La puissance de calcul requiert une puissance électrique équivalente. Selon un rapport du LBNL cité par Reuters, la consommation énergétique des centres de données américains pourrait représenter jusqu’à 12 % de la production nationale d’ici 2028. Des fournisseurs comme DTE Energy, basé à Detroit, ont déjà annoncé une révision à la hausse de leurs plans d’investissement, soit 6,5 milliards de dollars en cinq ans, principalement pour accompagner la montée en charge des sites hyperscale dans le Midwest.

Ce couplage entre électricité et IA crée une dépendance inédite. Les contraintes de disponibilité, de coût et de décarbonation deviennent des critères structurants pour l’implantation. À Loudoun County (Virginie), épicentre du « Data Center Alley », les tensions sur le réseau poussent les autorités locales à limiter les autorisations de construction, alors que les acteurs du secteur demandent l’accélération de la construction d’infrastructures. L’enjeu devient donc stratégique pour les fournisseurs cloud et pour leurs clients B2B, qui doivent intégrer dans leurs arbitrages l’accès à une énergie stable, abondante et soutenable.

La souveraineté ne se réduit plus à la seule géolocalisation

Héberger ses données en Europe ne suffit pas à garantir leur souveraineté. Une étude récente (arXiv, août 2025) a montré que près de 48 % des projets IA en dehors des États-Unis s’appuient, à un moment donné de leur cycle, sur des infrastructures opérées ou contrôlées par des entreprises américaines. Cela concerne la formation des modèles, leur hébergement, ou leur interconnexion avec des API critiques. Cette porosité rend la chaîne de traitement vulnérable aux régulations extraterritoriales, comme le Cloud Act ou l’Executive Order sur la cybersécurité.

Les entreprises doivent donc aller au-delà du « où » et s’intéresser au « qui » : qui exploite les infrastructures ? Qui en détient le contrôle technique ? Qui peut y accéder en cas d’injonction judiciaire ? Les dispositifs de cloud de confiance (comme SecNumCloud ou C5) ne protègent que partiellement, car ils ne couvrent pas tous les niveaux d’intégration des services IA (modèles, GPU, orchestration).

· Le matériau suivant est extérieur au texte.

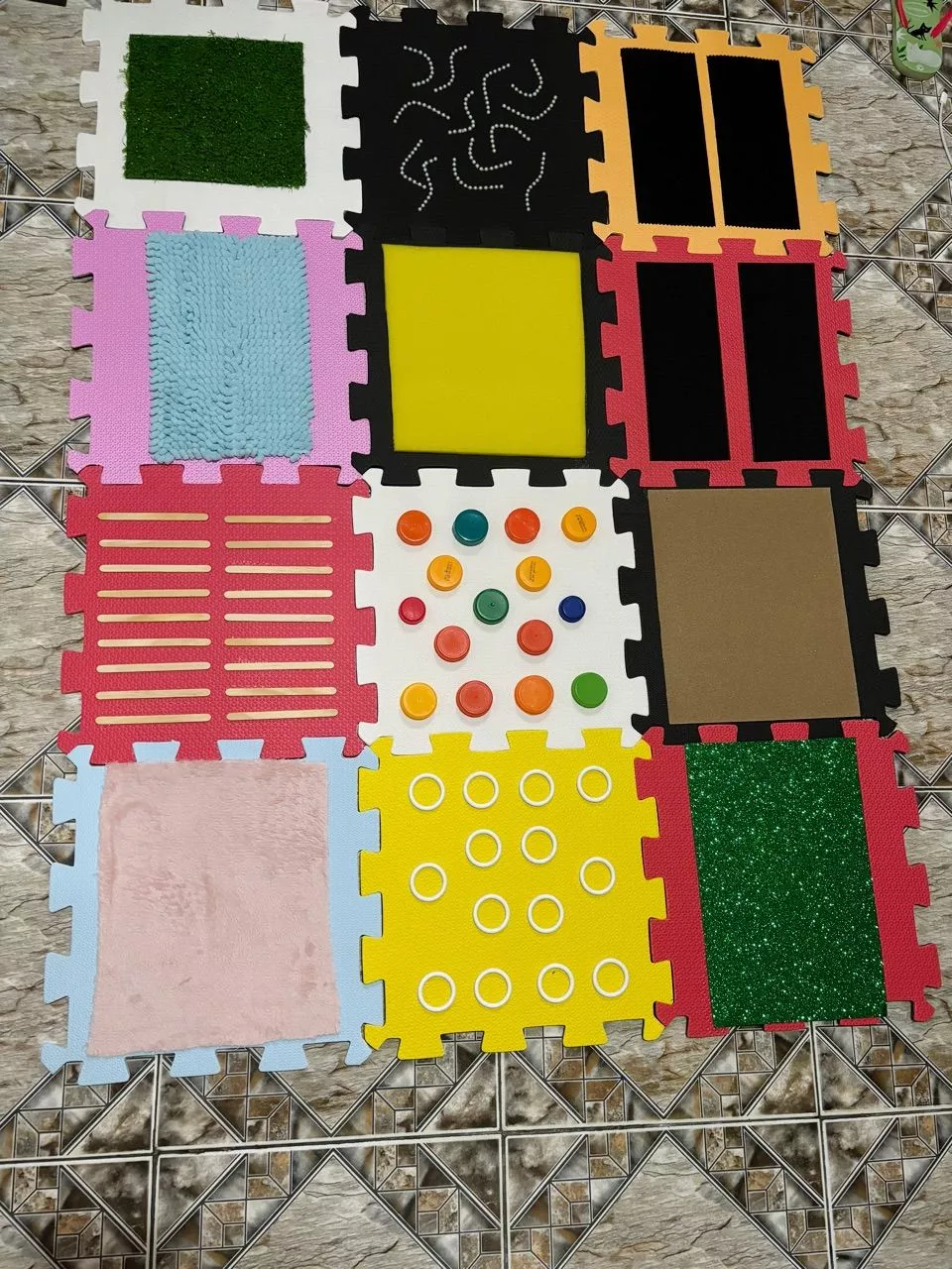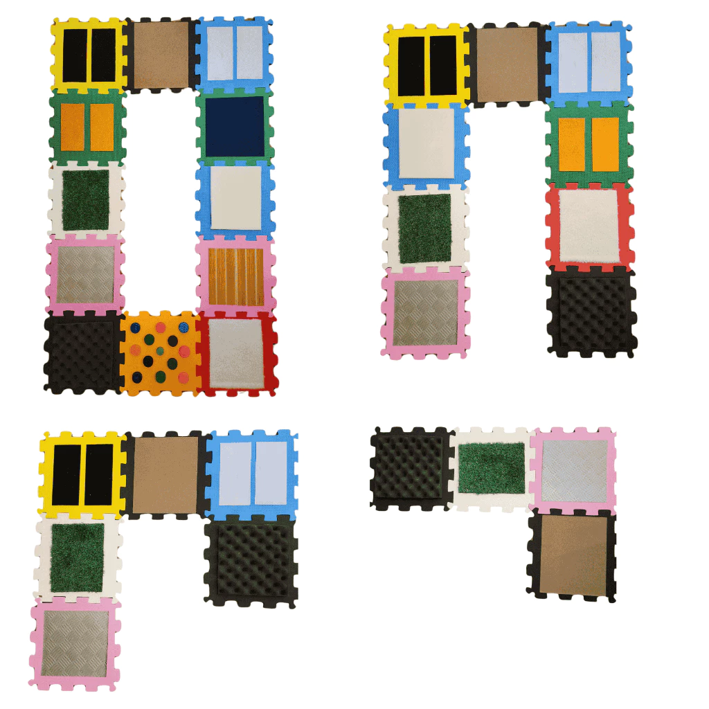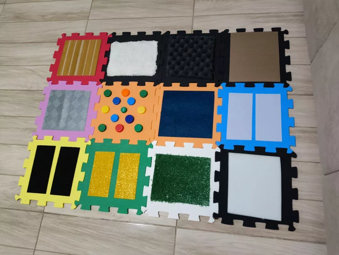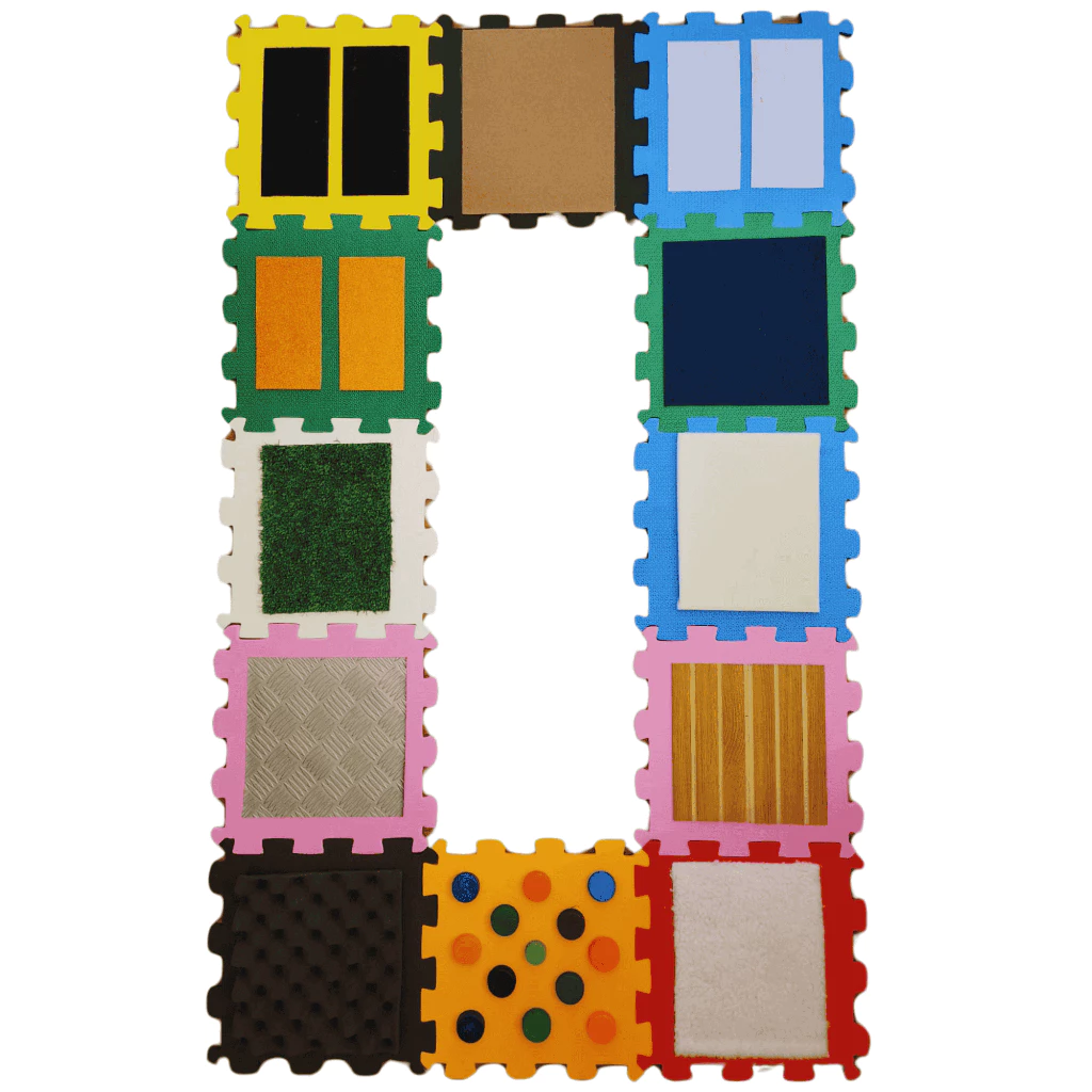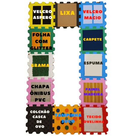 Esse modelo é composto por de 6 a 12 placas de EVA com texturas diversas: grama, lixa, feltro, espuma, glitter, tampinhas, corda, tecido atoalhado e muito mais. Cada plaquinha é um convite ao toque e à curiosidade.

Vers une hiérarchisation mondiale des capacités computationnelles

La montée en puissance des grands centres hyperscale aux États-Unis dessine une nouvelle hiérarchie. À un extrême, les clusters Azure ou AWS regroupant plusieurs centaines de milliers de GPU, comme celui de Boydton (Virginie) ou du comté de Maricopa (Arizona), offrent des capacités de calcul inégalées. À l’autre extrémité, les centres régionaux, edge, assurent des traitements localisés, mais avec des limitations techniques fortes.

Les entreprises doivent naviguer dans cette stratification mondiale en tenant compte de la criticité de leurs applications. Certaines peuvent être traitées localement pour des raisons de conformité ou de latence, d’autres nécessitent un accès à des clusters massifs pour entraîner ou déployer des modèles IA performants. Cette géopolitique de la computation oblige à penser en couches, à contractualiser avec plusieurs partenaires, et à prévoir des mécanismes de repli et d’abstraction (multicloud, orchestrateurs, interopérabilité).

Les centres de données incarnent aujourd’hui un pouvoir computationnel dont la maîtrise conditionne l’accès à l’IA, la sécurité des opérations et la souveraineté des choix technologiques. Pour les entreprises, il ne s’agit plus de choisir un fournisseur, mais de structurer une architecture pilotable à l’échelle géostratégique. La computation devient un actif à gouverner autant qu’un service à consommer.